Integrative chemogenomic analysis identifies small molecules that partially rescue ΔF508‐CFTR for cystic fibrosis

Cystic fibrosis (CF) is a fatal genetic disease caused by mutations in cftr, a gene encoding a PKA-regulated Cl− channel. The most common mutation results in a deletion of phenylalanine at position 508 (ΔF508-CFTR) that impairs protein folding, trafficking, and channel gating in epithelial cells.

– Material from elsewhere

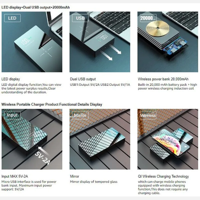 Feature 1.Portable Wireless Charging. Press the side button of power bank to turn on wireless charging, simply place down any Qi-enabled device or equipped with a Qi-compatible receiver device and charge, no cables or USB interface required, say goodbye to tangled wires and lost charging cable 2.The surface of the wireless portable charger adopts a new tempered glass surface and adopts a new generation of LED liquid crystal power display screens to display the remaining power at a glance. Intelligent management to better plan travel 3.Wireless battery charger provides 10000mAh/20000mAh of power for Android, for iPhone, or other USB port devices. Support up to 3 devices for charging: 2 x Wired charging + 1 x Wireless charging. Dual USB Output: 5V/2A, 5V/1A 4.Wireless charger power bank supports over-charged, over-discharged, over-voltage, over-current and short circuit protection. Stop charging when the device is full charged, prevent over-charging, overheat, short circuit and extend the service life of your phone, perfectly protects your digital devices from charging accident 5.LED Liquid Crystal Power Display Screen with Tempered Glass Case, durable and stable power bank, beautiful and elegant appearance Specifications Product Name:LED Display Wireless Power Bank 10000mAh/20000mAh Color:Black, White Battery Type:Lithium Polymer Battery Capacity:10000mAh/20000mAh Output:5V/2.1A Case Material:Tempered Glass Screen:LED Liquid Crystal Power Display Screen Wireless Charging Distance:8mm Note The real color of the item may be slightly different from the pictures shown on website caused by many factors such as brightness of your monitor and light brightness. A Package Included 1 x LED Display Wireless Power Bank 20000mAh B Package Included 1 x LED Display Wireless Power Bank 10000mAh

In the airway, these defects alter salt and fluid transport, leading to chronic infection, inflammation, and loss of lung function. There are no drugs that specifically target mutant CFTR, and optimal treatment of CF may require repair of both the folding and gating defects. Here, we describe two classes of novel, potent small molecules identified from screening compound libraries that restore the function of ΔF508-CFTR in both recombinant cells and cultures of human bronchial epithelia isolated from CF patients. The first class partially corrects the trafficking defect by facilitating exit from the endoplasmic reticulum and restores ΔF508-CFTR-mediated Cl− transport to more than 10% of that observed in non-CF human bronchial epithelial cultures, a level expected to result in a clinical benefit in CF patients. The second class of compounds potentiates cAMP-mediated gating of ΔF508-CFTR and achieves single-channel activity similar to wild-type CFTR. The CFTR-activating effects of the two mechanisms are additive and support the rationale of a drug discovery strategy based on rescue of the basic genetic defect responsible for CF.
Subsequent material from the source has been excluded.